══ SUPPLIED RECORDS

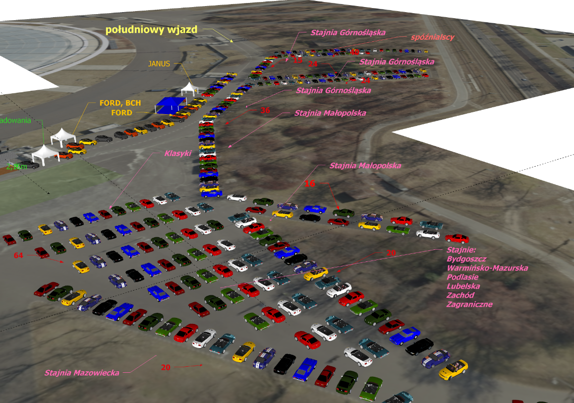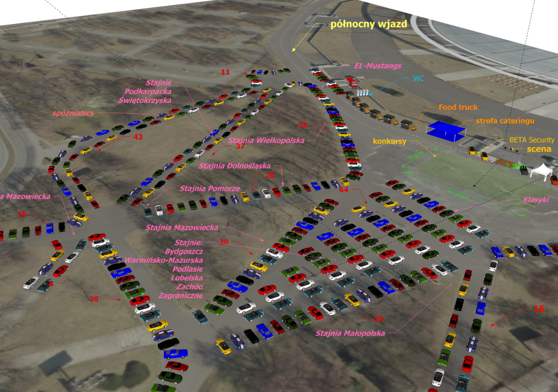 Na bramkach będą obecne osoby, które będą wpuszczały Mustangi i kierowały dalej (dzięki temu nie będzie konieczne pobieranie biletu wjazdowego).
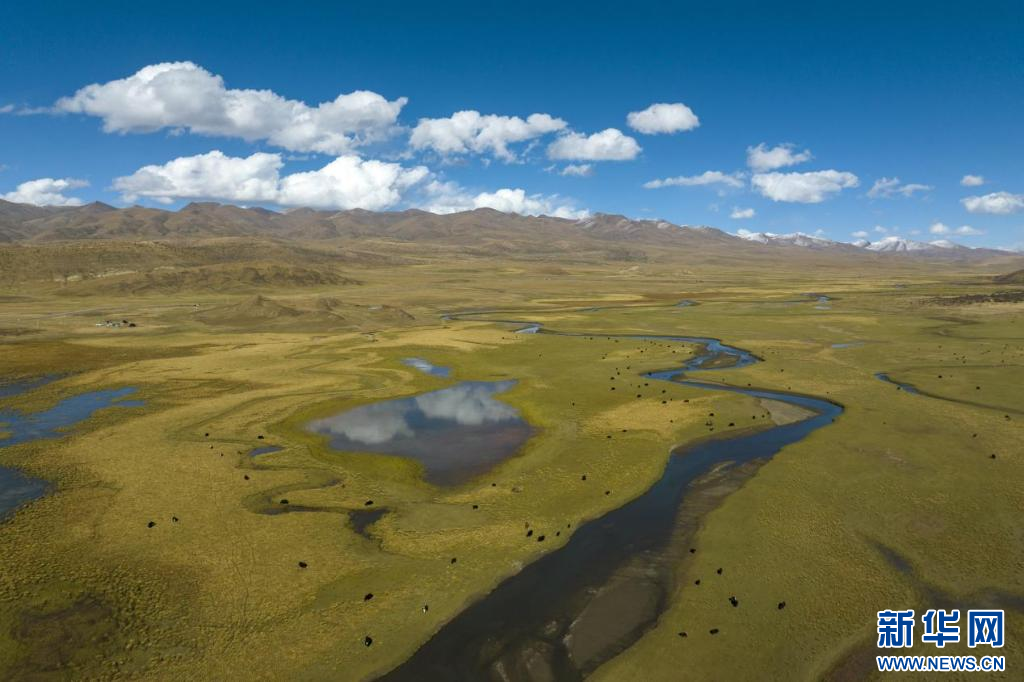在西藏措美縣境內(nèi)拍攝的牦牛(無人機(jī)照片)。新華網(wǎng) 旦增努布 攝
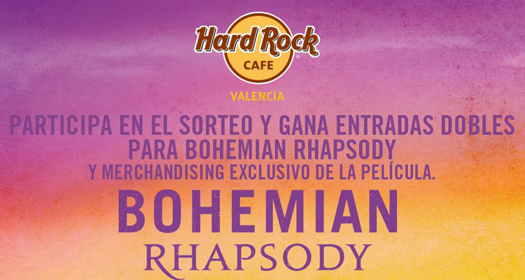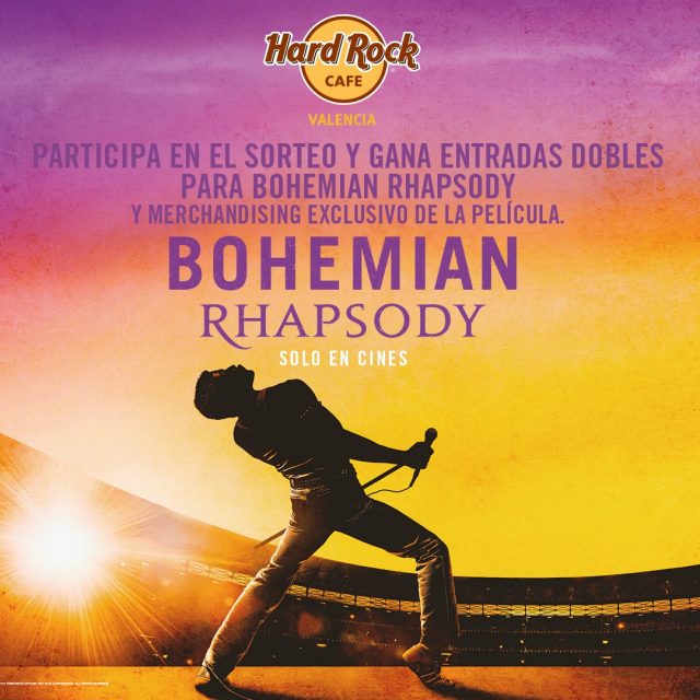 Hard Rock Cafe Valencia tiene algo para ti Entra en un sorteo de merchandising y entradas dobles para ver Bohemian Rhapsody con Hard Rock Cafe Valencia Si eres un amante de Freddy Mercury, tenemos una gran noticia para ti: En Hard Rock Cafe Valencia sortean entradas dobles y merchandising de la película Bohemian Rhapsody (solo en cines). Para ganar, solo tienes que acercarte al local de Hard Rock Cafe Valencia y pedir en recepción tu formulario para inscribirte. Solo con esto entrarás en un sorteo de entradas dobles gracias al 20th Century Fox. La fecha del sorteo será el próximo jueves 8 de noviembre. Así que no lo pienses, y aprovecha esta fantástica oportunidad de ver la gran película de Queen en los grandes cines. Tienes una semana para participar, ¡no lo dudes! Si quieres más información, reservar para comer o cenar puedes enviar un correo a [email protected] o llamar al 962 56 56 53. Cartel:
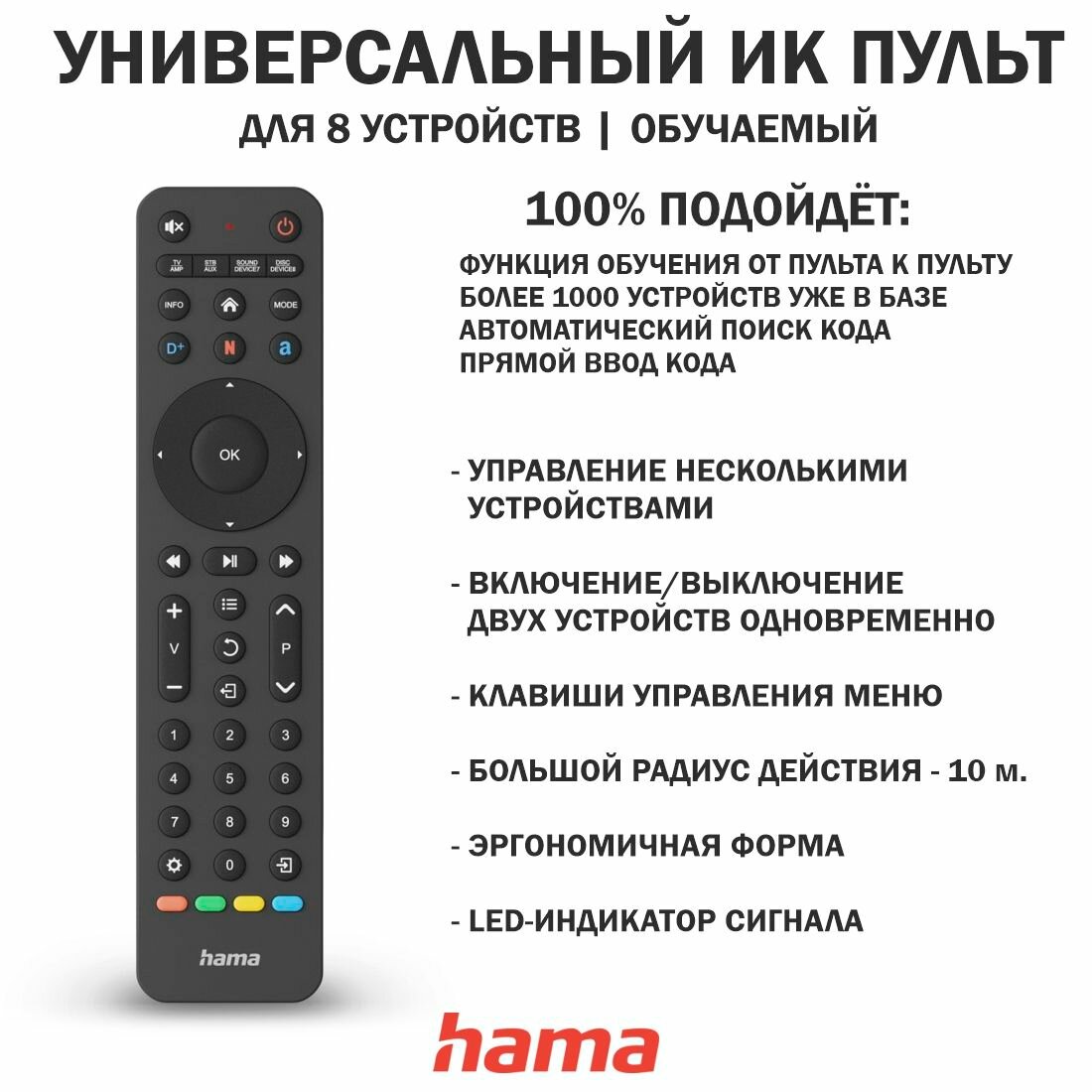Пульт дистанционного управления ТВ, ИК, для 8 устройств, Черный, Hama: сравнение цен, характеристики, фото, актуальное наличие и цены.
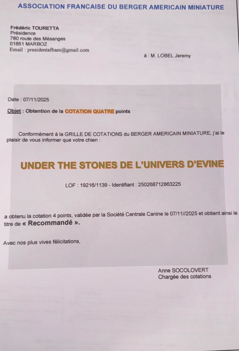Manifestion : International - Juge : Anne SOCOLOVERT
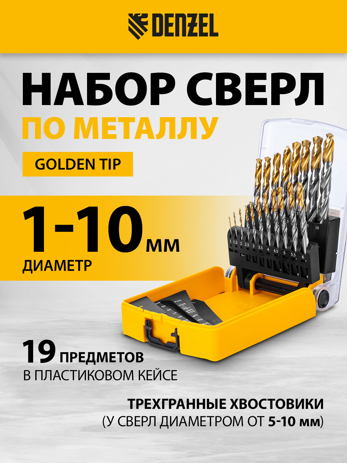 Набор Denzel Golden Tip 723003 состоит из 19 сверл по металлу диаметром 1-10 мм, изготовленных из стали P6M5. Угол заточки составляет 135°, что позволяет получать чистые и ровные отверстия в нержавеющей стали, чугуне, бронзе, алюминии, а также жестком пластике. Сверлам присвоен класс точности A1, что гарантирует высокое качество выполняемых работ. Оснастка характеризуется пониженным коэффициентом трения, что облегчает сверление и улучшает отвод стружки. Набор будет полезен дома и в мастерской.
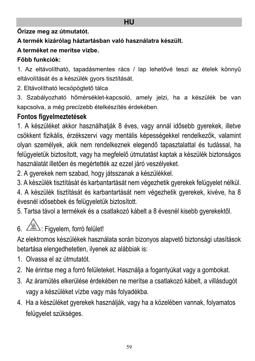 1. Les enfants de 8 ans et plus et les personnes présentant des capacités physiques, sensorielles ou mentales réduites, ou manquant d’expérience et de connaissances, peuvent utiliser cet appareil sous surveillance, à condition d’avoir reçu des instructions sur la manière de s’en servir en toute sécurité et d’avoir compris les risques auxquels ils s’exposent. 2. Les enfants ne doivent pas jouer avec l’appareil. 3. Les enfants ne doivent pas non plus procéder sans surveillance à son nettoyage et à son entretien. 4. Le nettoyage et l’entretien par l'utilisateur ne doivent pas être effectués par des enfants, sauf s’ils ont plus de 8 ans et s’ils sont encadrés. 5. Maintenez le produit et son câble hors de portée des enfants de moins de 8 ans. 6. : Attention, surface chaude Lors de l’utilisation d’appareils électriques, les précautions de base suivantes doivent toujours être respectées, y compris les suivantes : Lisez toutes les instructions. Ne touchez aucune surface chaude. Utilisez les poignées ou les boutons. Pour vous protéger contre les chocs électriques, n’immergez pas le câble, les bouchons ou l’appareil dans de l’eau ou un autre liquide. Comme pour tout appareil, une surveillance étroite est nécessaire lorsqu’il est utilisé par des enfants ou près d'eux. 90

════

Reproduce exactly the lines from the beginning of the material down to the line containing "在西藏措美縣境內(nèi)拍攝的牦牛(無人機(jī)照片)。新華網(wǎng) 旦增努布 攝", both ends included, but not the pictures or anything after.

 Na bramkach będą obecne osoby, które będą wpuszczały Mustangi i kierowały dalej (dzięki temu nie będzie konieczne pobieranie biletu wjazdowego).
在西藏措美縣境內(nèi)拍攝的牦牛(無人機(jī)照片)。新華網(wǎng) 旦增努布 攝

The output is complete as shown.